The Group of Thirty (G30) announced that Agustín Carstens, Governor of the Banco de México, and Maria Ramos, Chief Executive Officer of Barclays Africa Ltd., have accepted invitations to join the membership of the G30.

Jacob A. Frenkel, Chairman of the Board of Trustees, stated: “The G30 is very pleased to welcome Agustín Carstens and Maria Ramos to membership and I look forward to their engagement in our program and projects in the years ahead.”  Frenkel added: “I am delighted that Agustín is joining the Group. He brings decades of knowledge of international finance and economics to the G30, from his leadership of the Banco de México, as Chair of the IMFC of the International Monetary Fund, and from his previous work both as Minister of Finance of Mexico, and other roles. Maria will add diversity of perspective, and a strong and influential South African voice, to our deliberations. She has a breadth of private and public sector experience that will benefit our work and discussions, from her current positions as Chief Executive Officer of Barclays Africa, as Chair of the Banking Association of South Africa, and her prior role as Director General of South Africa’s National Treasury.”

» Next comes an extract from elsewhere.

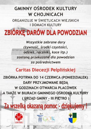 Gminny Ośrodek Kultury, który w podległych mu placówkach prowadzi zbiórkę darów dla powodzian, postanowił przedłużyć czas trwania akcji. Najpotrzebniejsze artykuły będzie można składać w wyznaczonych miejscach do 14 czerwca.

Tharman Shanmugaratnam, Chairman of the G30, said: “Agustín and Maria are outstanding leaders. They each bring a wealth of understanding of the financial and economic challenges of the times, which the G30 seeks to address through our deliberations and ongoing work program of studies. The work of the G30 in international financial and economic thought leadership relies on its dynamic, engaged membership, drawn from across the globe and across public and private sectors. I very much look forward to Agustín and Maria’s contributions in the years ahead.”

Carstens stated: “I thank Jacob, Tharman, and the G30 members for the invitation to join the Group’s membership. I am honored to join the organization and look forward to participating in its discussions and activities.”

Ramos stated: “It is a pleasure to join the G30, which does such key work on international economics and governance. I look forward to working together on projects of common concern and to supporting the Group’s mission.”

The Group of Thirty was founded in 1978. The Group is a private, nonprofit, international body composed of senior participants from the private and public sectors and academia. The Group
The Group is led by Jacob A. Frenkel, Chairman of its Board of Trustees, and Tharman Shanmugaratnam, Chairman of the G30. Amongst its members are Jean-Claude Trichet, Paul A. Volcker, Ben Bernanke, Mario Draghi, Timothy Geithner, Paul Krugman, Haruhiko Kuroda, and Jaime Caruana.